Large Language Models (LLMs) have garnered remarkable advancements across diverse code-related tasks, known as Code LLMs, particularly in code generation that generates source code with LLM from natural language descriptions. This burgeoning field has captured significant interest from both academic researchers and industry professionals due to its practical significance in software development, e.g., GitHub Copilot.
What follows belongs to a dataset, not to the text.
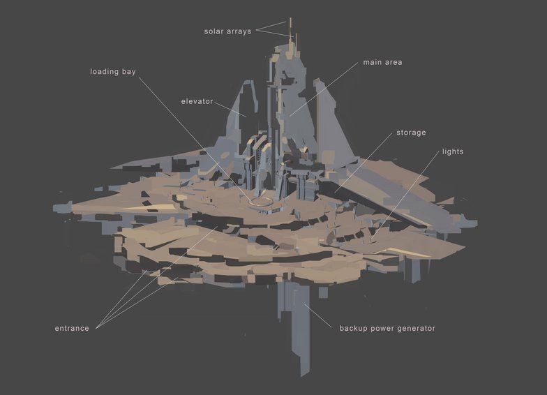 先畫出粗略的草圖來勾勒出想法。Samantha Kung 最初的想法是創建兩個級別,添加更多機庫以增加體積,並將主要區域放在中心以創建清晰的焦點。另外也添加了一些太空船的功能,如太陽能電池板、太陽能板、發電機等,使太空站設計看起來更實用。

Despite the active exploration of LLMs for a variety of code tasks, either from the perspective of natural language processing (NLP) or software engineering (SE) or both, there is a noticeable absence of a comprehensive and up-to-date literature review dedicated to LLM for code generation. In this survey, we aim to bridge this gap by providing a systematic literature review that serves as a valuable reference for researchers investigating the cutting-edge progress in LLMs for code generation. We introduce a taxonomy to categorize and discuss the recent developments in LLMs for code generation, covering aspects such as data curation, latest advances, performance evaluation, ethical implications, environmental impact, and real-world applications. In addition, we present a historical overview of the evolution of LLMs for code generation and offer an empirical comparison using the HumanEval, MBPP, and BigCodeBench benchmarks across various levels of difficulty and types of programming tasks to highlight the progressive enhancements in LLM capabilities for code generation. We identify critical challenges and promising opportunities regarding the gap between academia and practical development. Furthermore, we have established a dedicated resource GitHub page (https://github.com/juyongjiang/CodeLLMSurvey) to continuously document and disseminate the most recent advances in the field.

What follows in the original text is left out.